Your copy should match the entries below exactly, apart from the images.
---------- Extracted entries
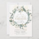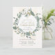 This elegant first holy communion invitation features a natural white background with a wreath of cotton flowers, blue green foliages / leaves / greeneries, and faux gold berries. The reverse side features a light beige background with honeycomb patterns. Change the background color and personalize it for your needs. You can find matching products at my store.
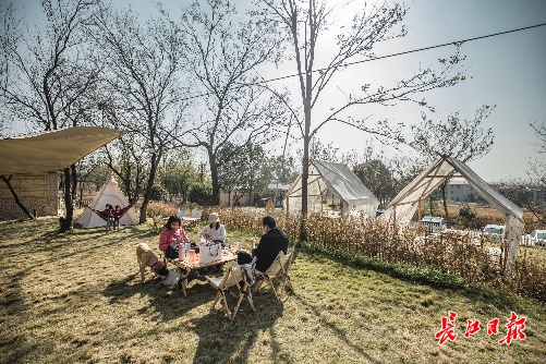 冬日的阳光照在黄陂区横山脚下,萝卜、包菜、生菜等时令蔬菜长势正旺。走进“一心回乡”生态农场,草地上搭着纯白帐篷,素雅花朵装点着木质桌椅,精致田园风令人眼前一亮。不少武汉市内的年轻家庭选择来这里度过周末时光。
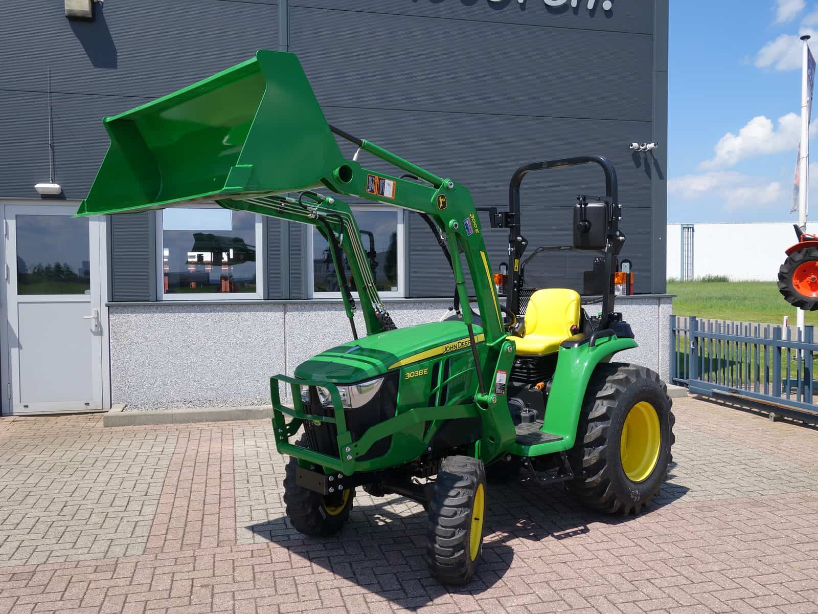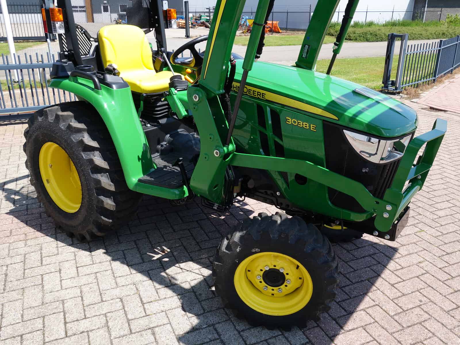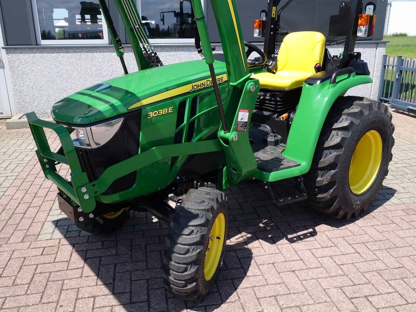 Nu in voorraad; Nieuwe John Deere 3038e HST compleet met voorlader. Banden naar keuze zonder verdere meerprijs, (gazon of industrie) Schitterende combinatie van het topmerk John Deere! Met een motorvermogen van ruim 38 Pk voldoende kracht in huis om alle voorkomende tuin- en parkwerkzaamheden uit te voeren. Gecombineerd met de HST (automaat) transmissie een zeer wendbare en aangenaam werkende trekker. Hoge en Lage gearing voor altijd de optimale rijsnelheid. In en uitschakelbare 4wd, Stuurbekrachtiging, Veiligheidsbeugel, Complete wegverlichting, Ondertrekhaak, Topstang.
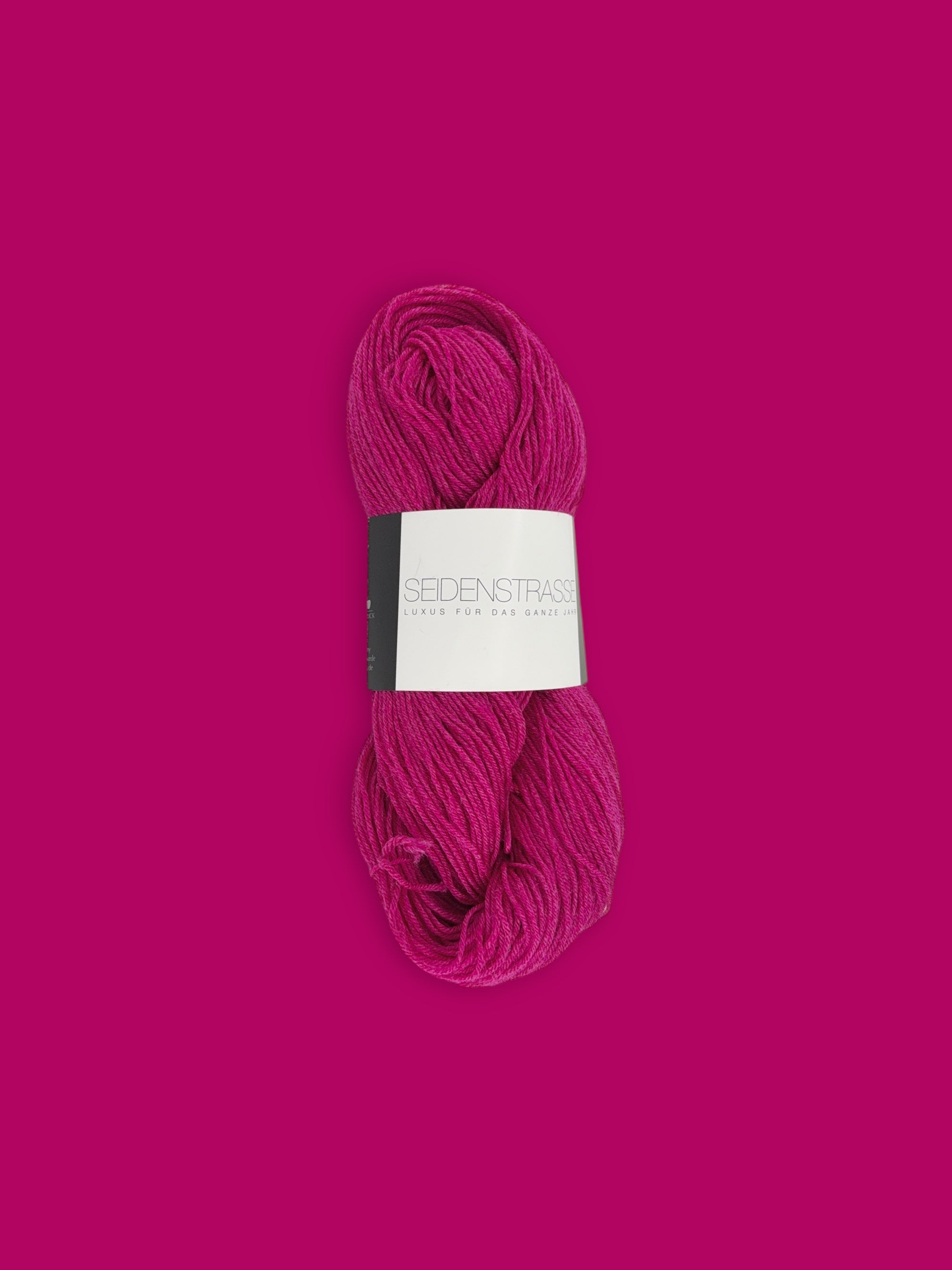 In der Qualität Seidenstraße von Atelier Zitron bekommt diese kräftige Nuance durch den feinen Seidenschimmer eine luxuriöse Tiefe: Das Maschenbild wirkt intensiv, elegant und zeigt im Licht eine weiche Leuchtkraft mit leicht kühlem Unterton.
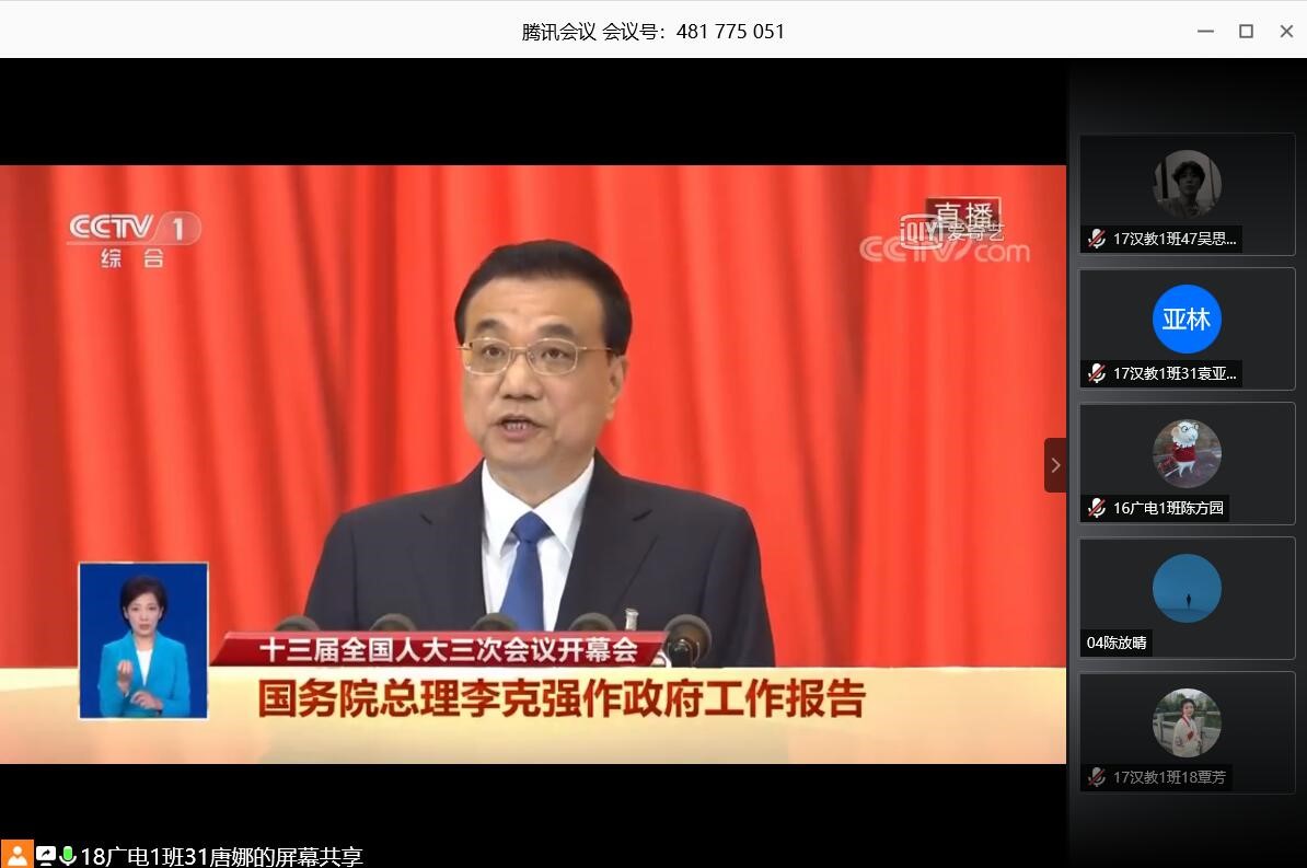 学生第一党支部在腾讯会议上开展以“走进人大会场,倾听时代心声”为主题的党日活动,组织学生第一党支部全体学生党员及入党积极分子在线上观看学习《十三届全国人大三次会议开幕会》。
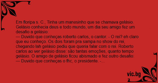— Duvido que conheças roberto carlos, o cantor. - O rei? eh claro que eu conheço. Os dois foram pra sampa no show do rei, chegando lah gelásio pediu que queria falar com o rei. Roberto carlos ao ver gelásio disse: são tantas emoções, quanto tempo gelásio. O amigo de gelásio ficou abismado e fez outro desafio:
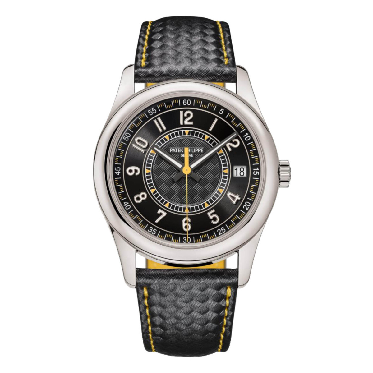 Schwarzes Kalbslederband mit aufgeprägtem "Karbon-Motiv", gelbe Nähte. Dornschließe
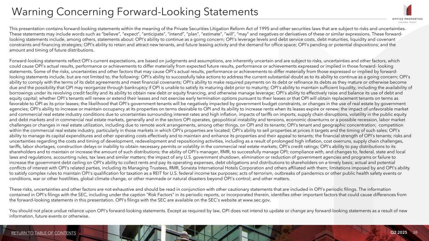 37RETURN TO TABLE OF CONTENTS Q2 2025 Adjusted total assets and total unencumbered assets include the original cost of real estate assets calculated in accordance with GAAP before impairment writedowns, if any, and exclude depreciation and amortization, accounts receivable and intangible assets, as defined in OPI's debt agreements. Unencumbered assets is calculated as adjusted total assets for properties not securing debt. Annualized dividend yield is the annualized dividend per common share paid during the period divided by the closing price of OPI's common shares at the end of the period. Annualized rental income is calculated using the annualized contractual base rents from OPI's tenants pursuant to its lease agreements as of June 30, 2025, plus straight line rent adjustments and estimated recurring expense reimbursements to be paid to OPI, and excluding lease value amortization. Building improvements generally include expenditures to replace obsolete building components and expenditures that extend the useful life of existing assets. Consolidated income available for debt service is earnings from operations excluding interest expense, depreciation and amortization, loss on asset impairment, gains and losses on early extinguishment of debt, gains and losses on sales of properties and equity in earnings of OPI's unconsolidated joint venture and including distributions from OPI's unconsolidated joint venture, if any, determined together with debt service for the period presented. Development, redevelopment and other activities generally include capital expenditure projects that reposition a property or result in new sources of revenue. GAAP is U.S. generally accepted accounting principles. Gross book value of real estate assets is real estate properties at cost calculated in accordance with GAAP, plus certain acquisition costs, if any, before depreciation and purchase price allocations, less impairment writedowns, if any. Gross sales price is equal to the gross contract price and excludes closing costs. Investment grade tenants include: (a) investment grade rated tenants; (b) tenants with investment grade rated parent entities that guarantee the tenant's lease obligations; and/or (c) tenants with investment grade rated parent entities that do not guarantee the tenant's lease obligations. Tenants contributing 51.0% of annualized rental income as of June 30, 2025 were investment grade rated (or their payment obligations were guaranteed by an investment grade rated parent) and tenants contributing an additional 7.7% of annualized rental income as of June 30, 2025 were subsidiaries of an investment grade rated parent (although these parent entities are not liable for the payment of rents). Lease related costs generally include capital expenditures used to improve tenants' space or amounts paid directly to tenants to improve their space and leasing related costs, such as brokerage commissions and tenant inducements. Leased square feet is pursuant to leases existing as of June 30, 2025, and includes (i) space being fitted out for tenant occupancy pursuant to OPI's lease agreements, if any, and (ii) space which is leased, but is not occupied or is being offered for sublease by tenants, if any. Square footage measurements are subject to changes when space is remeasured or reconfigured for new tenants. Leasing cost and concession commitments include commitments made for leasing expenditures and concessions, such as tenant improvements, leasing commissions, tenant reimbursements and free rent. Net debt is total debt less cash. Percent leased includes (i) space being fitted out for occupancy pursuant to OPI's lease agreements, if any, and (ii) space which is leased, but is not occupied or is being offered for sublease by tenants, if any, as of the measurement date. REIT is real estate investment trust. Rentable square feet represents total square feet available for lease as of the measurement date. Square footage measurements are subject to changes when space is remeasured or reconfigured for new tenants. Rolling four quarter CAD represents CAD for the preceding twelve month period as of the respective quarter end date. Same properties for the three months ended June 30, 2025 is based on properties OPI owned continuously since April 1, 2024; excludes three properties classified as held for sale, five properties affected by significant redevelopment activities and two properties owned by an unconsolidated joint venture in which OPI owns a 51% interest. Same properties for the six months ended June 30, 2025 is based on properties OPI owned continuously since January 1, 2024; excludes three properties classified as held for sale, five properties affected by significant redevelopment activities and two properties owned by an unconsolidated joint venture in which OPI owns a 51% interest. Same property cash basis NOI % margin is Same Property Cash Basis NOI as a percentage of same property cash basis rental income. Cash basis rental income excludes non-cash straightline rent adjustments, the net effect of non-cash amortization of intangible lease assets and liabilities and lease termination fees, if any. Same property NOI % margin is Same Property NOI as a percentage of same property rental income. SOFR is the secured overnight financing rate. Total debt represents the outstanding principal balance as of the date reported. Total gross assets is total assets plus accumulated depreciation. Weighted average remaining lease term is the average remaining lease term in years weighted based on annualized rental income. Non-GAAP Financial Measures and Certain Definitions (Continued)
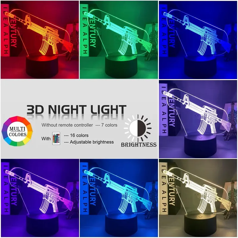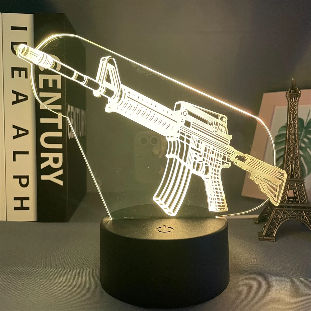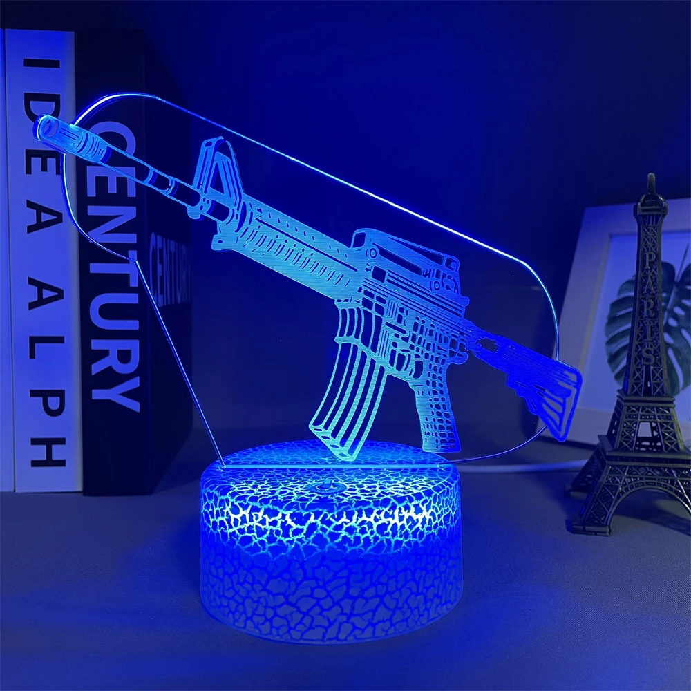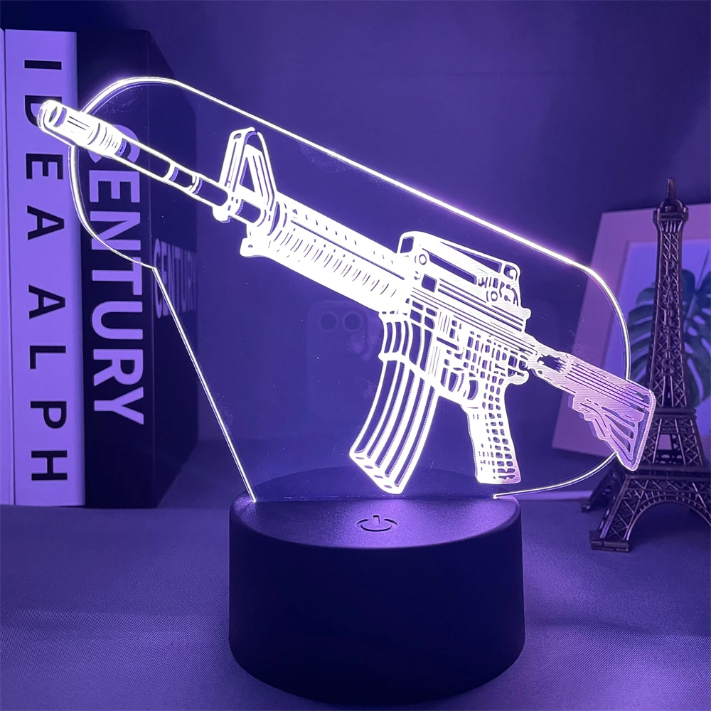 Ночной светильник игровое оружие M4, светодиодный ночсветильник с сенсорным датчиком, меняющий цвет, для кабинета, кровати, декор для детской комнаты, для мальчиков, подарок на день рождения, лампа
--------------------
Response to this task:
 This elegant first holy communion invitation features a natural white background with a wreath of cotton flowers, blue green foliages / leaves / greeneries, and faux gold berries. The reverse side features a light beige background with honeycomb patterns. Change the background color and personalize it for your needs. You can find matching products at my store.
 冬日的阳光照在黄陂区横山脚下,萝卜、包菜、生菜等时令蔬菜长势正旺。走进“一心回乡”生态农场,草地上搭着纯白帐篷,素雅花朵装点着木质桌椅,精致田园风令人眼前一亮。不少武汉市内的年轻家庭选择来这里度过周末时光。
 Nu in voorraad; Nieuwe John Deere 3038e HST compleet met voorlader. Banden naar keuze zonder verdere meerprijs, (gazon of industrie) Schitterende combinatie van het topmerk John Deere! Met een motorvermogen van ruim 38 Pk voldoende kracht in huis om alle voorkomende tuin- en parkwerkzaamheden uit te voeren. Gecombineerd met de HST (automaat) transmissie een zeer wendbare en aangenaam werkende trekker. Hoge en Lage gearing voor altijd de optimale rijsnelheid. In en uitschakelbare 4wd, Stuurbekrachtiging, Veiligheidsbeugel, Complete wegverlichting, Ondertrekhaak, Topstang.
 In der Qualität Seidenstraße von Atelier Zitron bekommt diese kräftige Nuance durch den feinen Seidenschimmer eine luxuriöse Tiefe: Das Maschenbild wirkt intensiv, elegant und zeigt im Licht eine weiche Leuchtkraft mit leicht kühlem Unterton.
 学生第一党支部在腾讯会议上开展以“走进人大会场,倾听时代心声”为主题的党日活动,组织学生第一党支部全体学生党员及入党积极分子在线上观看学习《十三届全国人大三次会议开幕会》。
— Duvido que conheças roberto carlos, o cantor. - O rei? eh claro que eu conheço. Os dois foram pra sampa no show do rei, chegando lah gelásio pediu que queria falar com o rei. Roberto carlos ao ver gelásio disse: são tantas emoções, quanto tempo gelásio. O amigo de gelásio ficou abismado e fez outro desafio:
 Schwarzes Kalbslederband mit aufgeprägtem "Karbon-Motiv", gelbe Nähte. Dornschließe
 37RETURN TO TABLE OF CONTENTS Q2 2025 Adjusted total assets and total unencumbered assets include the original cost of real estate assets calculated in accordance with GAAP before impairment writedowns, if any, and exclude depreciation and amortization, accounts receivable and intangible assets, as defined in OPI's debt agreements. Unencumbered assets is calculated as adjusted total assets for properties not securing debt. Annualized dividend yield is the annualized dividend per common share paid during the period divided by the closing price of OPI's common shares at the end of the period. Annualized rental income is calculated using the annualized contractual base rents from OPI's tenants pursuant to its lease agreements as of June 30, 2025, plus straight line rent adjustments and estimated recurring expense reimbursements to be paid to OPI, and excluding lease value amortization. Building improvements generally include expenditures to replace obsolete building components and expenditures that extend the useful life of existing assets. Consolidated income available for debt service is earnings from operations excluding interest expense, depreciation and amortization, loss on asset impairment, gains and losses on early extinguishment of debt, gains and losses on sales of properties and equity in earnings of OPI's unconsolidated joint venture and including distributions from OPI's unconsolidated joint venture, if any, determined together with debt service for the period presented. Development, redevelopment and other activities generally include capital expenditure projects that reposition a property or result in new sources of revenue. GAAP is U.S. generally accepted accounting principles. Gross book value of real estate assets is real estate properties at cost calculated in accordance with GAAP, plus certain acquisition costs, if any, before depreciation and purchase price allocations, less impairment writedowns, if any. Gross sales price is equal to the gross contract price and excludes closing costs. Investment grade tenants include: (a) investment grade rated tenants; (b) tenants with investment grade rated parent entities that guarantee the tenant's lease obligations; and/or (c) tenants with investment grade rated parent entities that do not guarantee the tenant's lease obligations. Tenants contributing 51.0% of annualized rental income as of June 30, 2025 were investment grade rated (or their payment obligations were guaranteed by an investment grade rated parent) and tenants contributing an additional 7.7% of annualized rental income as of June 30, 2025 were subsidiaries of an investment grade rated parent (although these parent entities are not liable for the payment of rents). Lease related costs generally include capital expenditures used to improve tenants' space or amounts paid directly to tenants to improve their space and leasing related costs, such as brokerage commissions and tenant inducements. Leased square feet is pursuant to leases existing as of June 30, 2025, and includes (i) space being fitted out for tenant occupancy pursuant to OPI's lease agreements, if any, and (ii) space which is leased, but is not occupied or is being offered for sublease by tenants, if any. Square footage measurements are subject to changes when space is remeasured or reconfigured for new tenants. Leasing cost and concession commitments include commitments made for leasing expenditures and concessions, such as tenant improvements, leasing commissions, tenant reimbursements and free rent. Net debt is total debt less cash. Percent leased includes (i) space being fitted out for occupancy pursuant to OPI's lease agreements, if any, and (ii) space which is leased, but is not occupied or is being offered for sublease by tenants, if any, as of the measurement date. REIT is real estate investment trust. Rentable square feet represents total square feet available for lease as of the measurement date. Square footage measurements are subject to changes when space is remeasured or reconfigured for new tenants. Rolling four quarter CAD represents CAD for the preceding twelve month period as of the respective quarter end date. Same properties for the three months ended June 30, 2025 is based on properties OPI owned continuously since April 1, 2024; excludes three properties classified as held for sale, five properties affected by significant redevelopment activities and two properties owned by an unconsolidated joint venture in which OPI owns a 51% interest. Same properties for the six months ended June 30, 2025 is based on properties OPI owned continuously since January 1, 2024; excludes three properties classified as held for sale, five properties affected by significant redevelopment activities and two properties owned by an unconsolidated joint venture in which OPI owns a 51% interest. Same property cash basis NOI % margin is Same Property Cash Basis NOI as a percentage of same property cash basis rental income. Cash basis rental income excludes non-cash straightline rent adjustments, the net effect of non-cash amortization of intangible lease assets and liabilities and lease termination fees, if any. Same property NOI % margin is Same Property NOI as a percentage of same property rental income. SOFR is the secured overnight financing rate. Total debt represents the outstanding principal balance as of the date reported. Total gross assets is total assets plus accumulated depreciation. Weighted average remaining lease term is the average remaining lease term in years weighted based on annualized rental income. Non-GAAP Financial Measures and Certain Definitions (Continued)
 Ночной светильник игровое оружие M4, светодиодный ночсветильник с сенсорным датчиком, меняющий цвет, для кабинета, кровати, декор для детской комнаты, для мальчиков, подарок на день рождения, лампа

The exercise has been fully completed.